Consider what we refer to as telephoto compression:

Let's assume you are 10 feet away from your friend Joe and take his picture in portrait orientation with a 50mm lens. Say there is a building 100 feet behind Joe. The building is 10X the distance from the camera as Joe is, so if Joe is 6 feet tall and the building is 60 feet tall they will appear to be the same height in your photo, because both would occupy about 33º of the 40º angle of view of a 50mm lens along the longer dimension.

Now back up 30 feet and use a 200mm lens. Your total distance from Joe is now 40 feet which is 4X further than the 10 feet you used with the 50mm lens. Since you are using a focal length that is 4X the original 50mm (50mm X 4 = 200mm), he will appear the same height in the second photo as he did in the first. The building, on the other hand, is now 130 feet from the camera. That is only 1.3X as far as it was in the first shot (100ft X 1.3 = 130ft), but you have increased the focal length by 4X. Now the 60 foot tall building will appear to be roughly 3X the height of Joe in the picture (100ft / 130ft = 0.77; 0.77 X 4 = 3.08). At least it would if all 60 feet of it could fit in the picture, but it can't fit at that distance with a 200mm lens.

Another way to look at it is that in the first photo with the 50mm lens, the building was 10X further away than Joe was (100ft / 10ft = 10). In the second photo with the 200mm lens, the building was only 3.25X further away than Joe was (130ft / 40ft = 3.25), even though the distance between Joe and the building was the same. What changed was the ratio of the distance from the camera to Joe and the distance of the camera to the building. That is what defines perspective: The ratio of the distances between the camera and various elements of a scene.

In the end, the only thing that determines perspective is camera position and the relative positions of the various elements of the scene.

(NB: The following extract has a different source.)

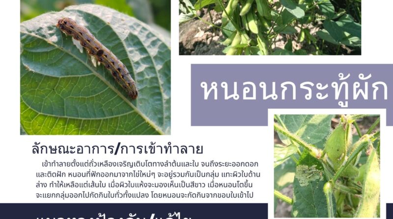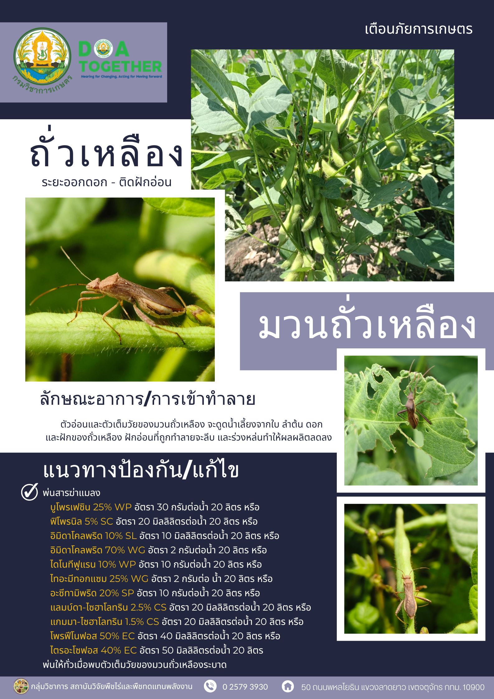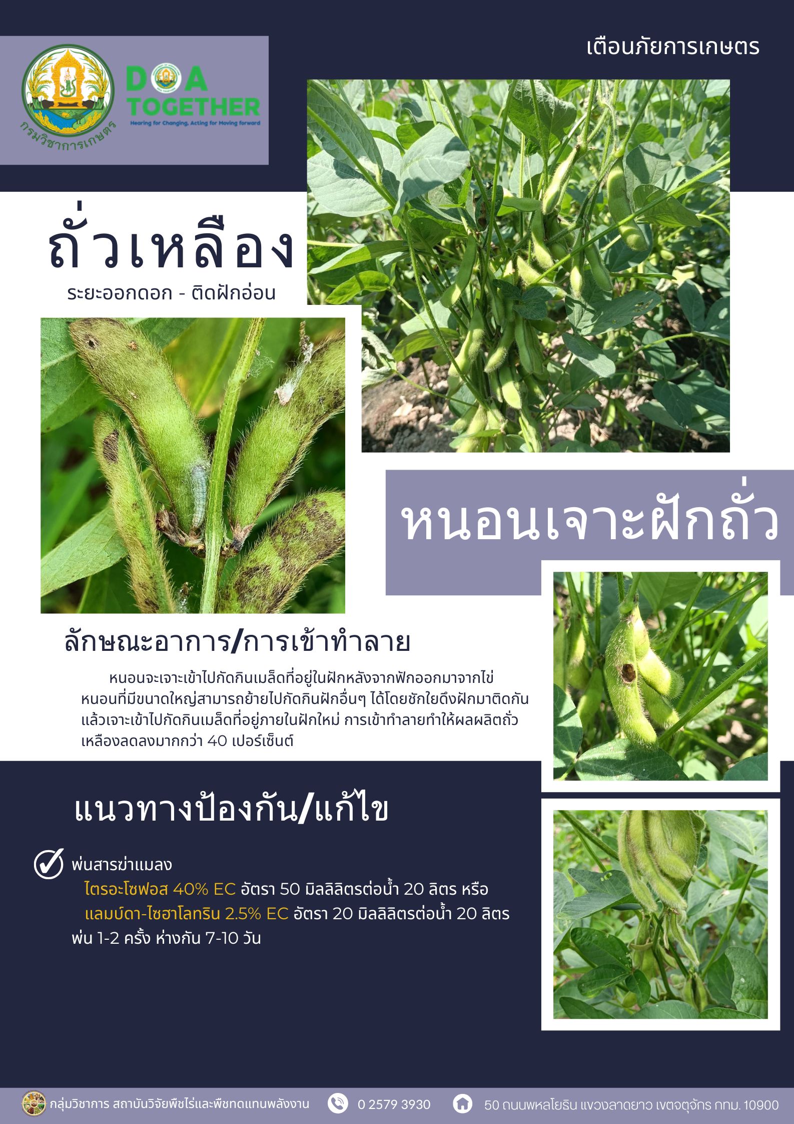เตือนภัยพืช เตือนภัยการเกษตร เกษตรกรผู้ปลูกถั่วเหลืองในระยะออกดอก-ติดฝักอ่อน ให้ระวังการเข้าทำลายของแมลงศัตรูพืช ได้แก่ หนอนกระทู้ผัก หนอนม้วนใบ แมลงหวี่ขาวยาสูบ มวนถั่วเหลือง และหนอนเจาะฝักถั่ว ให้หมั่นสำรวจแปลงปลูกอย่างสม่ำเสมอ หากเริ่มพบแมลงศัตรูหรือลักษณะอาการ การเข้าทำลาย ให้รีบทำการป้องกันกำจัดตามคำแนะนำ เพื่อไม่ให้ส่งผลกระทบต่อผลผลิตถั่วเหลือง 04/03/2026 admin

For a look at how even a fairly slight difference in perspective affects an image, please see: Why is the background bigger and blurrier in one of these images?

Lens Distortions

Lens distortions are caused by the way a lens projects a virtual image of the light that enters the front of the lens out the back of the lens. The following terms are various types of lens distortions. Lens distortions are sometimes called geometric distortions because they affect the way geometrical shapes are depicted by a lens.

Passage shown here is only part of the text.